Page MenuHomePhabricator

Change the context instruction for computeKnownBits in LoadStoreVectorizer pass

Authored by wvoquine on Apr 30 2021, 5:03 PM.



This change enables cases for which the index value for the first load/store instruction
in a pair could be a function argument. This allows using llvm.assume to provide known
bits information in such cases.

Diff Detail

Event Timeline

wvoquine created this revision.Apr 30 2021, 5:03 PM
wvoquine requested review of this revision.Apr 30 2021, 5:03 PM
Herald added a project: Restricted Project. · View Herald TranscriptApr 30 2021, 5:03 PM
wvoquine added inline comments.Apr 30 2021, 5:46 PM

I've realized this should be "v2i8" in the test name.

wvoquine updated this revision to Diff 342102.Apr 30 2021, 7:16 PM
arsenm added inline comments.May 3 2021, 9:59 AM

How do we know A is the point the vectorized instruction will be inserted, and not B?


e.g. can you add some tests with an assume between the two instructions to vectorize?

wvoquine added inline comments.

By the way, we have discussed some of these points with @rtereshin and @bogner

Neither of OpA and OpB is a point of the vectorization. They both dominate the point of vectorization, but there's no information here about which one is closer to it.

This change only enables more cases to pass: if OpB is nullptr then it means we have bailed long ago in the function:
( See this part:

// At this point A could be a function parameter, i.e. not an instruction
Value *ValA = OpA->getOperand(0);
OpB = dyn_cast<Instruction>(OpB->getOperand(0));
if (!OpB || ValA->getType() != OpB->getType())
  return false;


I just allow it not to bail if OpA appears to be nullptr.

There's no assumption as to which one goes at the point or closer to the point of vectorization.

Also without llvm.assume I couldn't differentiate the two contexts in a test.

And I added a test with the llvm.assume - ld_v2i8_add_different_contexts.

Now, sometimes OpA might be with a better context for the calculation of known bits. In such cases we might fail to vectorize.

If llvm.assume's are inconsistent in the two points then this ought to be an UB.

For an improvement in the future we might need to use the actual vectorization point as the context.

wvoquine added inline comments.May 3 2021, 10:43 AM

Don't you think ld_v2i8_add_different_contexts would count as one, or do you prefer a test without a control flow in it?


There's no assumption as to which one goes at the point or closer to the point of vectorization.

Having said that, if a case is a result of unrolling, in many such occasions, OpB indeed naturally goes after OpA. And that means the context is more precise
(the contexts shouldn't be inconsistent).

wvoquine marked 2 inline comments as done.May 3 2021, 11:02 AM
arsenm added inline comments.May 4 2021, 10:34 AM

ld_v2i8_add_different_contexts does not have an assume between the two loads, so I don't mean that

wvoquine added inline comments.May 6 2021, 12:03 PM

I see some unexpected results when I place llvm.assume between loads, or just before the first load.
I will have to debug a little bit, and will likely update the change.

A safer version could be to still use OpA if it's not nullptr and OpB if it is.

wvoquine added inline comments.May 6 2021, 7:28 PM

In fact llvm.assume itself did block the transformation as it was considered to be writing to the memory.
Similar to other passes we can ignore assume in this case though.
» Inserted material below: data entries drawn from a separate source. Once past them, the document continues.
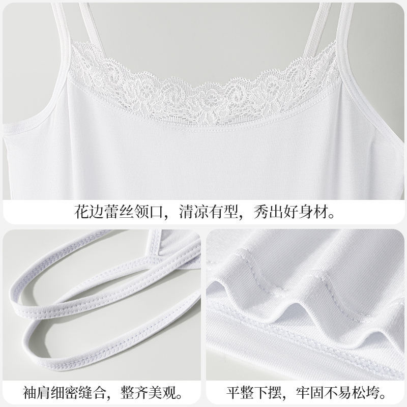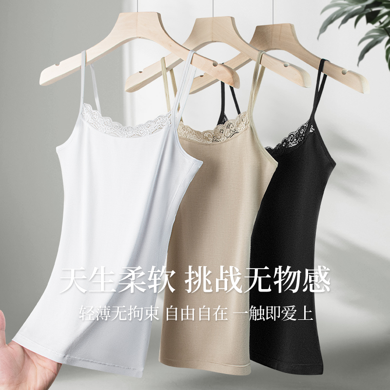 薄 打底衫 浪莎莫代尔小吊带背心女士上衣无袖 内搭黑白蕾丝秋冬季
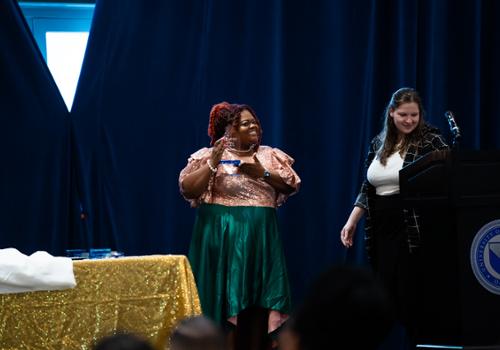 Last week, Jessica took the stage to share her story with attendees of the Advancing Socioeconomic Mobility conference hosted by UNT Dallas at the Statler Hotel. The audience listened intently as she described overcoming hurdles and feeling empowered by her UNT experience.
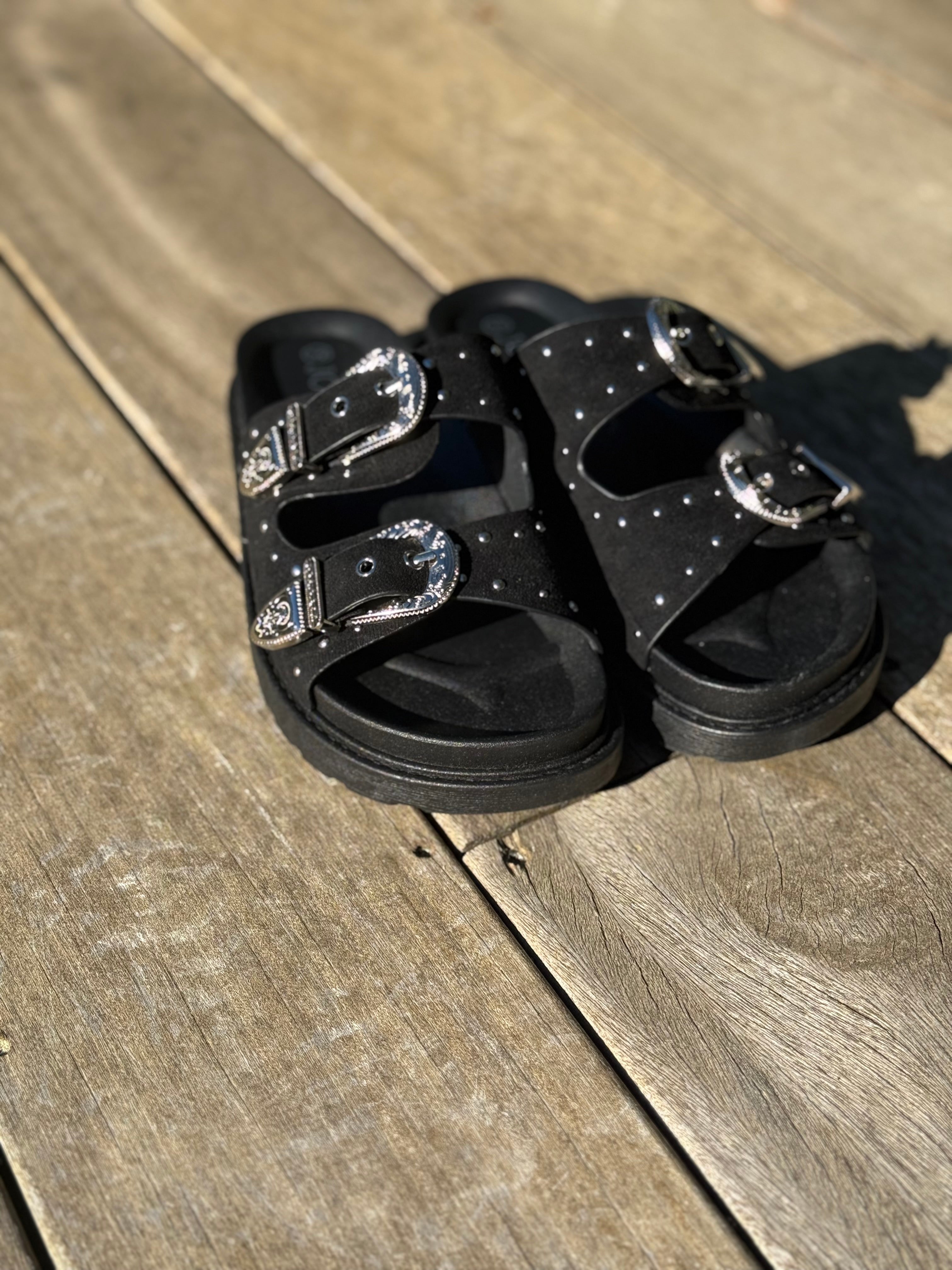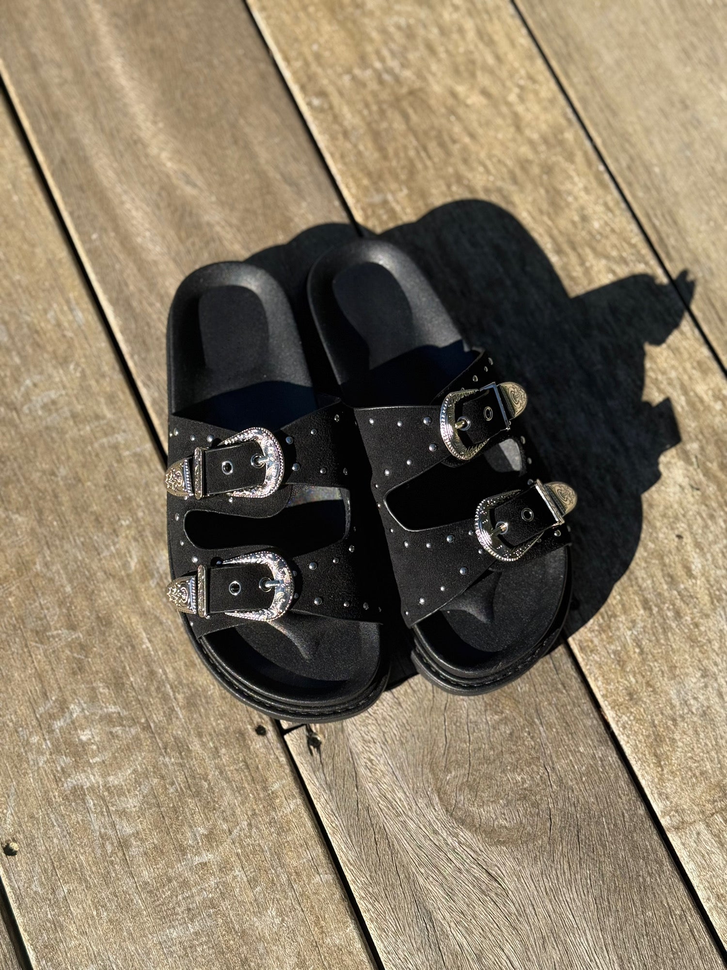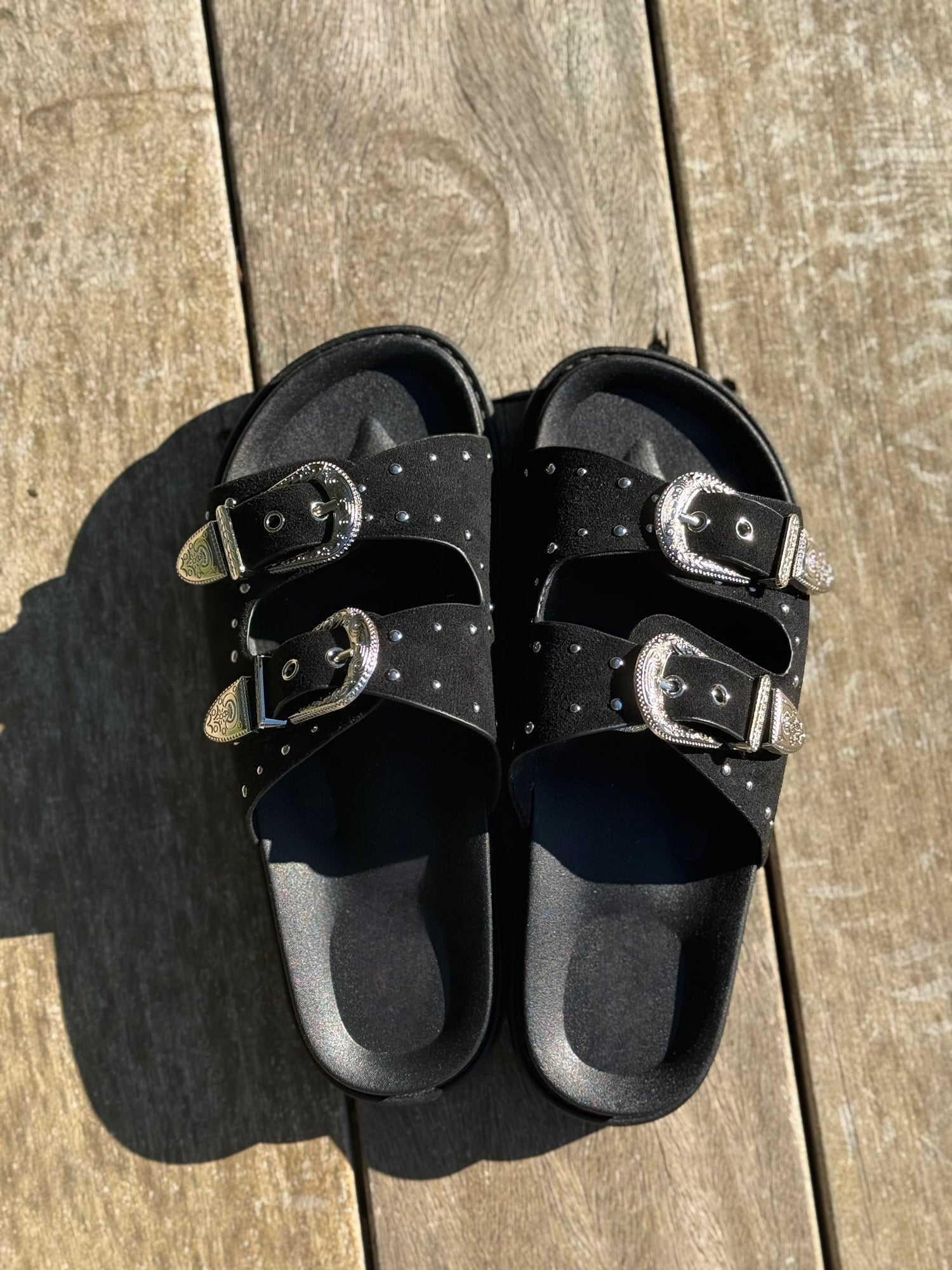- Brides larges ajustables avec boucles western gravées
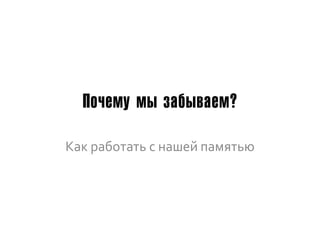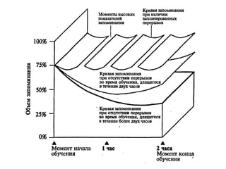 Документ обсуждает механизмы памяти и забывания, а также факторы, влияющие на запоминание информации. Основное внимание уделяется различиям между кратковременной и долговременной памятью и стратегиями повышения эффективности запоминания. Упоминается важность повторения и необычности для улучшения запоминаемости.
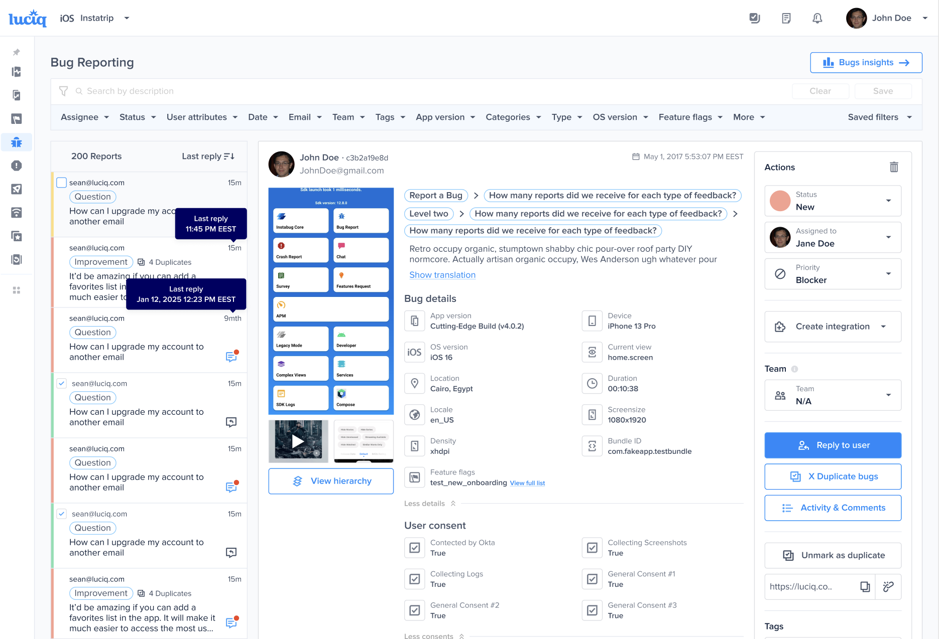 With each report, you receive a plethora of details that will help you fix bugs and get more context about the comments you receive. Throughout this page, you will learn about all the information that comes in these reports, as well as any relevant APIs that you can use to customize the data that you receive, including:
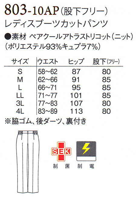 ●メーカー アプロンアパレル(apron) ●品番 803-10AP ●商品名 レディースブーツカットパンツ 股下フリー(未加工) ●カラー 10:ホワイト ●サイズ S〜4L ●素材 ペアクールアトラストリコット(ニット) ポリエステル93%・キュプラ7% ●仕様 脇ゴム、前後ダーツ、裏付き ※ご利用のモニターにより環境や光の加減によって若干色が異なる場合がございます。
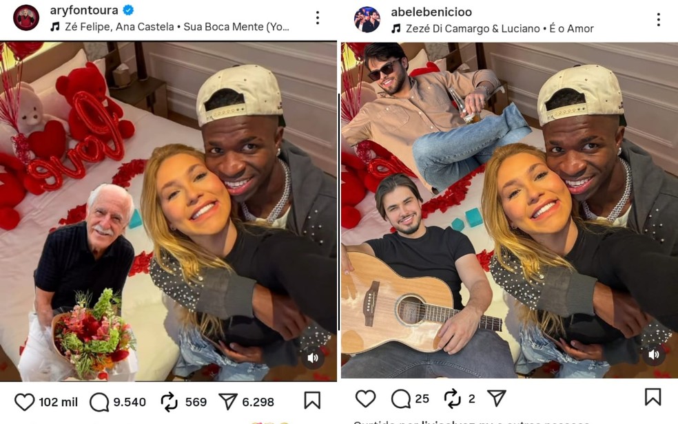 O casal assumiu o relacionamento na terça-feira (28). No Instagram, os dois publicaram uma foto juntos, e os detalhes do pedido de namoro chamaram atenção: pétalas de rosa, urso de pelúcia, balões e joias, em um quarto de hotel.
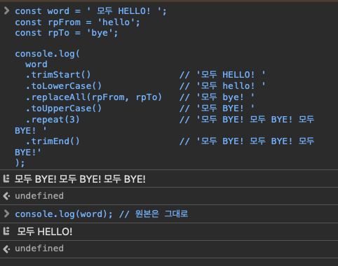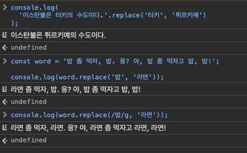 첫 번째 인자로 받은 문자열 또는 정규식을 두 번째 인자로 치환한 결과를 반환
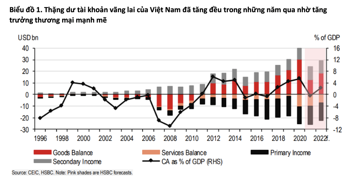 Năm 2020, HSBC từng nhấn mạnh khả năng chống chịu trước các cú sốc bên ngoài của Việt Nam ngày càng tốt lên theo thời gian. Mặc dù vậy, do bối cảnh thay đổi, đây là lúc đánh giá lại tình hình tài khoản vãng lai của Việt Nam.
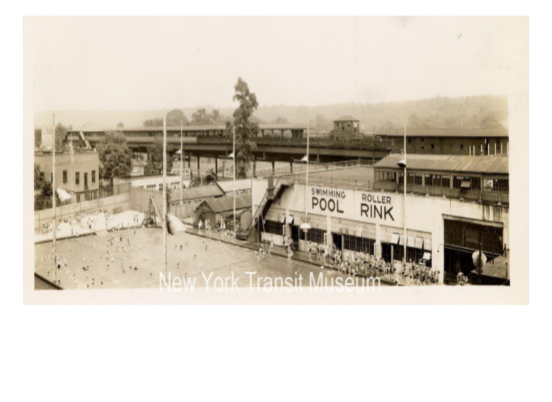 I was scanning through the N.Y. Transit Museum looking for photos of W242nd Street and came across this photo of the swimming pool and skating rink that I mentioned in my post #4308 above. The pool and rink supplanted the baseball field. The photo was probably taken from the catwalk that went from elevated train tracks to the repair barn. The photo is undated.
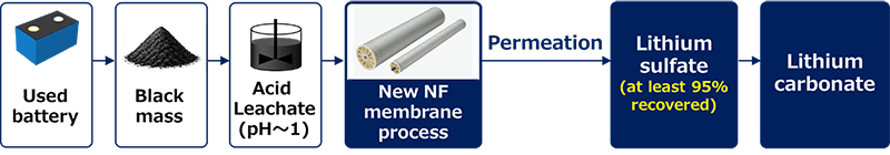 आज तक, टोरे की नैनोफिल्ट्रेशन झिल्लियों ने नमक की झीलों से लिथियम पुनर्प्राप्त किया है। प्रयुक्त लिथियम-आयन बैटरियों के साथ ऐसा करने के लिए अत्यधिक अम्लीय सल्फ्यूरिक एसिड लीचेट को फ़िल्टर करने की आवश्यकता होती है जो उन बैटरियों से धातु निकालता है। पारंपरिक झिल्लियाँ अपर्याप्त रूप से एसिड-प्रतिरोधी होती हैं।
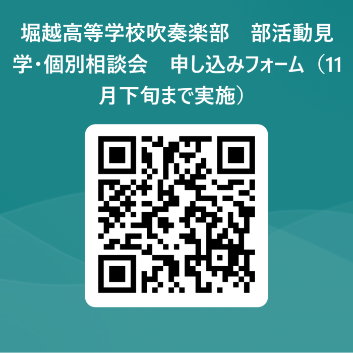 「部活動見学・個別相談会」お申し込みはこちらに入力をお願いします。下記のアドレスかQRコードから入力フォームへお進みください。
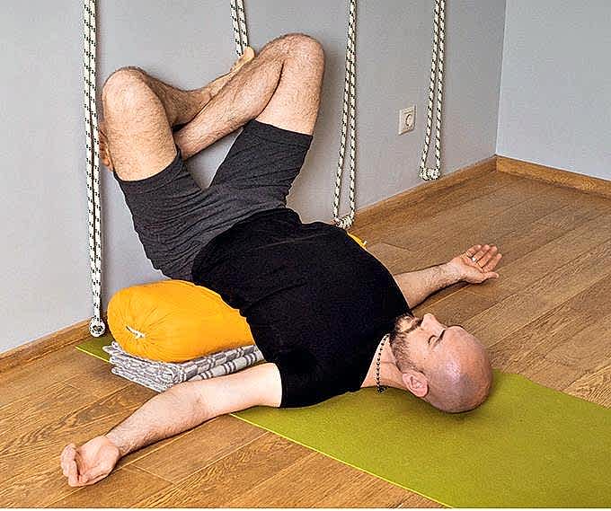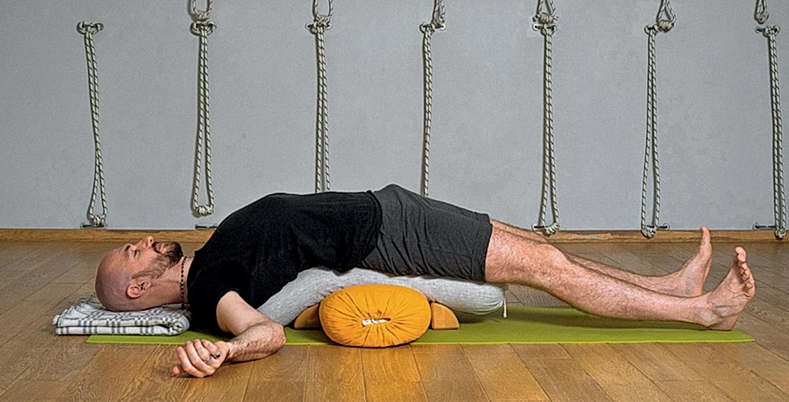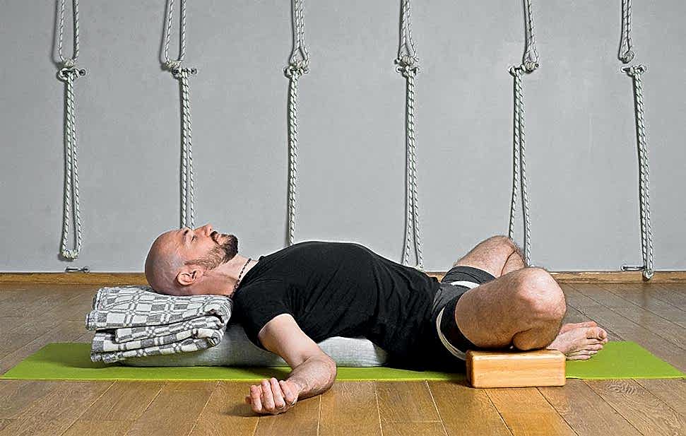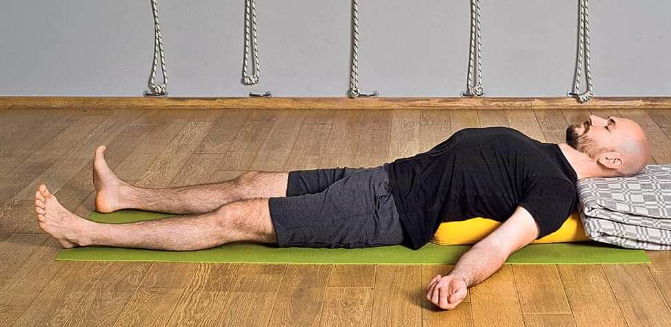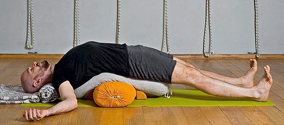Выполните позу на перекрещенных валиках. Голову расположите на одном уровне с копчиком, не отбрасывайте голову назад, положите опору под шею, чтобы горло было расслаблено и шея вытягивалась. Расслабьте руки и ноги в стороны. В этой позе хорошо раскрывается диафрагма, из неё уходит напряжение.
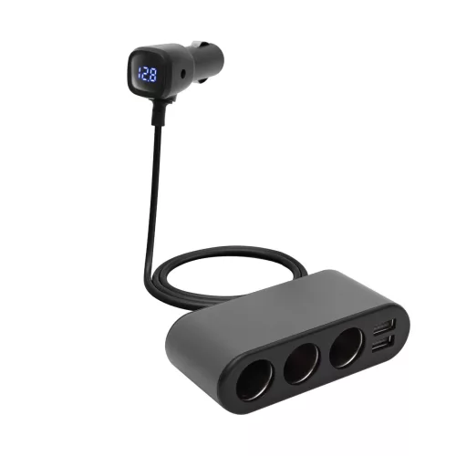 SAL SAU80W autós feszültségelosztó és USB töltő, 3.4A USB töltő, max.80Watt, fém burkolat, Voltmérő, autó-akkumulátor állapotának ellenőrzése, 12/24V járművekhez
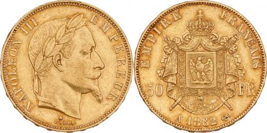 50 Frank 1862 A, KM.804.1 (Au900, pouze 24.000 ks), 16.045g, hr., vlas.rysky, pěkná patina R!
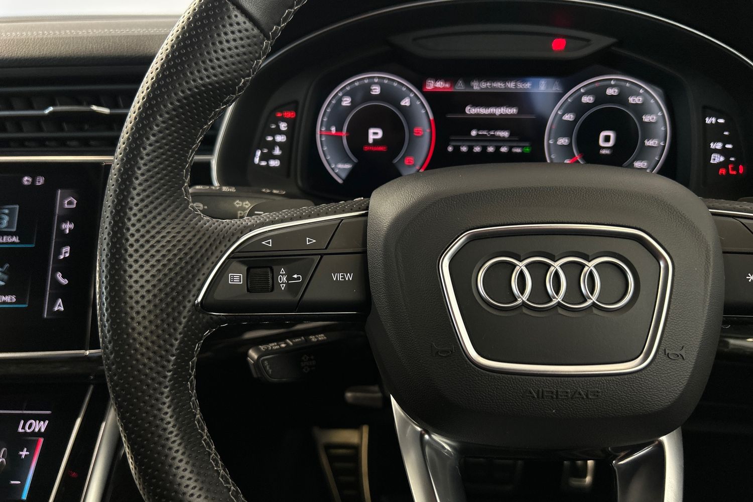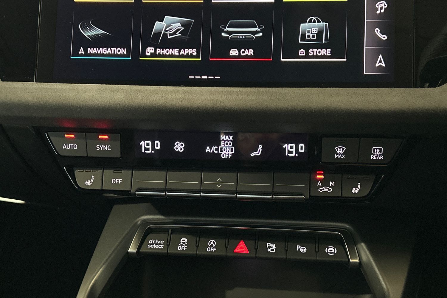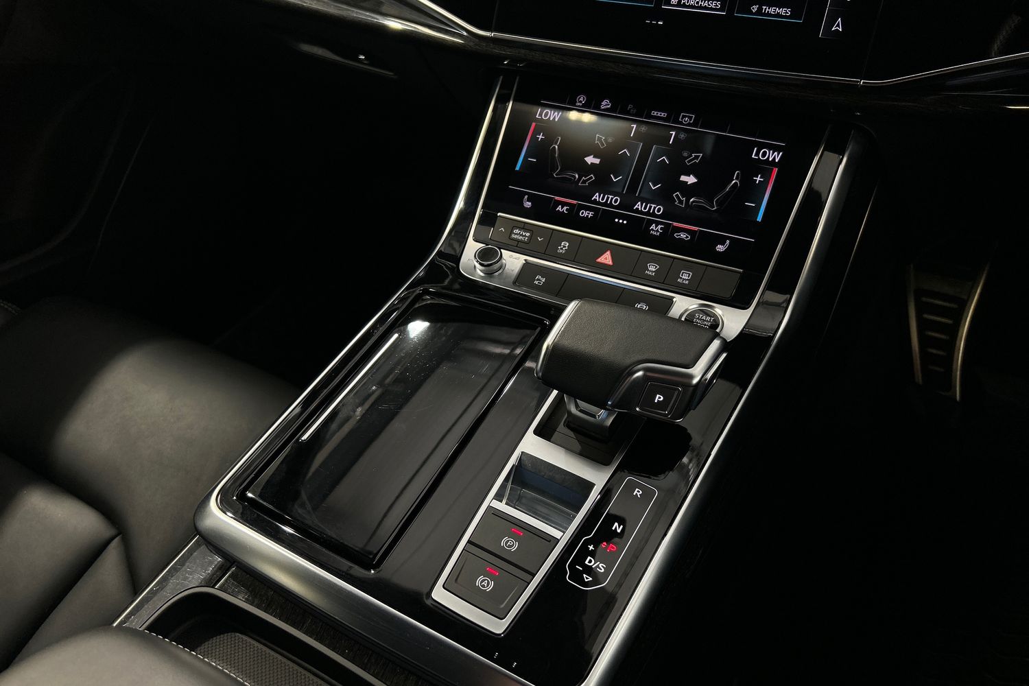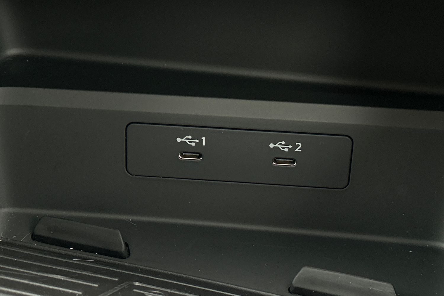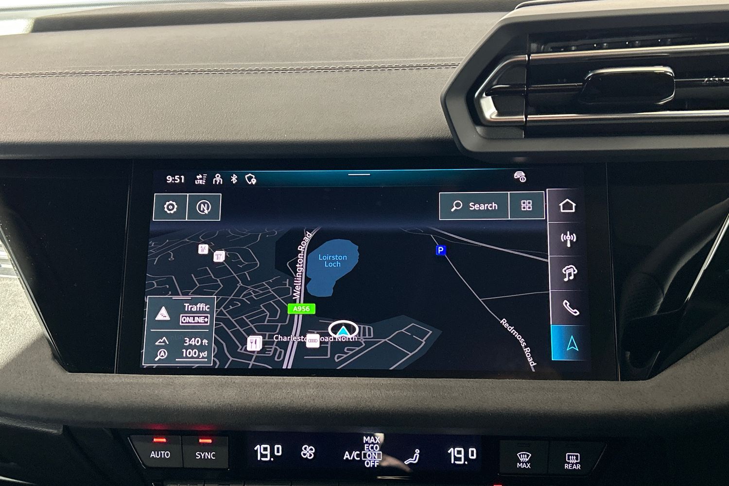 "Black artificial leather dashboard with grey stitching",

wvoquine updated this revision to Diff 343570.May 6 2021, 8:42 PM

Added tests where the assume intrinsic is placed between the vectorized instructions or even after them in the end of the basic block.

Added assume intrinsic to the list of ignored instructions when detecting whether it's legal to vectorize over an instruction which may read or write to memory.

wvoquine updated this revision to Diff 343573.May 6 2021, 8:55 PM
wvoquine marked an inline comment as done.

Update the test ld_v2i8_add_context to align it with the comment put for the test: the llvm.assume should be placed between the two loads.

wvoquine added inline comments.May 6 2021, 9:02 PM

Now the tests ld_v2i8_add_different_contexts1 and ld_v2i8_add_context have llvm.assume between the vectorized loads.
Also in ld_v2i8_add_context1 the llvm.assume goes after both and a store coming after that, it still works with the single basic block.

wvoquine added inline comments.May 10 2021, 4:33 PM

I've added the tests along with the patch to let them show a difference (ignore llvm.assume itself when checking on memory conflicts between the two loads).

Are there more concerns?

arsenm accepted this revision.May 11 2021, 5:19 PM
This revision is now accepted and ready to land.May 11 2021, 5:19 PM

Thanks for accepting!

Could someone merge the change?

bogner accepted this revision.May 12 2021, 2:41 PM

lg. I'll merge this for you shortly

xbolva00 added inline comments.


wvoquine added inline comments.May 12 2021, 3:31 PM

Thanks! This could be addressed later on with the other intrinsics where that is applicable.